MARTIN LUTHER, though dead, yet speaketh. The German Lutheran paper, Die Rundschau, of Chicago, is watching the signs of the times and interpreting their meaning with a keenness of perception that is truly refreshing. After narrating in its issue of May 22 the humiliating course of certain Christian Endeavors in petitioning Satolli to degrade “Father” Phelan as a punishment for his grossly false charges against the morality of the members of the society, the wide-awake Lutheran editor comments thus:—

“In fine, we have this yet to say: no one is more powerfully into the hands of popery than is the false Protestantism of our day. There be few to-day that do clearly perceive this and are preparing for the consequences. And, as detrimental as are the consequences to our land, they cannot and will not fail to transpire, if the eyes of the ‘Protestants’ of America are not opened in time, and if they do not, above all, rid themselves of the pope and all popery.”

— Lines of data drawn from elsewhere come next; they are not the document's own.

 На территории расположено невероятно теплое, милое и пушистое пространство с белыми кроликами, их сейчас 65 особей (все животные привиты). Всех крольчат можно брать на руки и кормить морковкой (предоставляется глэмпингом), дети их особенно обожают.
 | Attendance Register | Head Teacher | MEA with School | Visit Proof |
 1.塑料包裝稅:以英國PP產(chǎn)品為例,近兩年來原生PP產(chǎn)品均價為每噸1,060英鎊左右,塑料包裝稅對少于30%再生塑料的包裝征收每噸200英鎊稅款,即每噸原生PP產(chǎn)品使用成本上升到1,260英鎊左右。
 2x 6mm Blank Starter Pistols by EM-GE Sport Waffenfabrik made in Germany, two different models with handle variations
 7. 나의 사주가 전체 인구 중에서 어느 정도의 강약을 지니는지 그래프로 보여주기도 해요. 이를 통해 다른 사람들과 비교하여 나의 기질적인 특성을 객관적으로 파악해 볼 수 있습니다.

A PETITION “to the authorities” is being circulated in Rhea County, Tenn., praying that the Sunday law shall be more strictly observed than heretofore. The Graysville Adventists know what that means and are preparing for whatever may come at the July term of the Circuit Court.

The regular time for the third quarterly meeting of the year in all the Adventist churches is the first Sabbath in July, which, this year, comes on the 6th. But as eleven of the male members of the church, including the elder, are likely to be in prison at that time, the meeting will be held one week earlier, namely, June 29. The story is thus told in a private letter written by one of the indicted Adventists to a minister of the denomination, whom he urges to be present at the meeting referred to:—

We have changed our quarterly meeting so as to come one week earlier this time. As the usual time of holding the meeting comes the same week that the Circuit Court for this county is in session, and as it is more that probable that a large number of the male members of the church will be in jail, we have concluded to make this change…. Has there ever before been a quarterly meeting among us changed for such a reason? … We are living in a wonderful time. May the dear Lord help us.

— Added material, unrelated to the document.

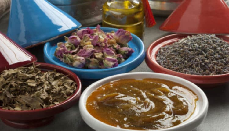 يمكنك سيدتي أن تخلطي ملعقة من الورد الجاف المطحون وملعقة من الحناء الطبيعية المطحونة وملعقة من الخزامى المطحونة وملعقة من القرنفل المطحون وملعقة من الطحالب الخضراء الجافة والمطحونة، وملعقة من البابونج المطحون وملعقة من العرعار المطحون وملعقة من ألزاز المطحون وملعقة السالمية المطحون وملعقة من الغاسول الأخضر واخلطيها بعصير الليمون أو ماء الورد وأضيفي لها ملعقة من الصابون البلدي واطحني الكل في الخلاط ثم طبقي الخلطة على جسمك، واتركيها إلى أن تجف بعدها ادخلي الحمام واستحمي بطريقة عادية سترين أن مع استعمالها لاربع مرات نتيجة مثالية.

The brethren are all well, and good courage is full in the hearts of all. Our meetings are better and better as week succeeds week. Don’t forget us at the throne of grace.

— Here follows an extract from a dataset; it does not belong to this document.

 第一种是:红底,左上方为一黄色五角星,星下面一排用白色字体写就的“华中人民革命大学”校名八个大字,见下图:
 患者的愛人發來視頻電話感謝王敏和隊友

The writer of the letter from which this extract is made, is a man of intelligence and refinement. He was an officer in the Union Army during the Rebellion, was subsequently a member of years been an official member of the Seventh-day Adventist church at Graysville. He is one of the most gentle, inoffensive and exemplary Christian men to be found anywhere, loved and respected by all who know him; but the first week in July is almost certain to see him a convicted inmate of the Rhea County Jail. Such is the practical working of the Tennessee Sunday statute.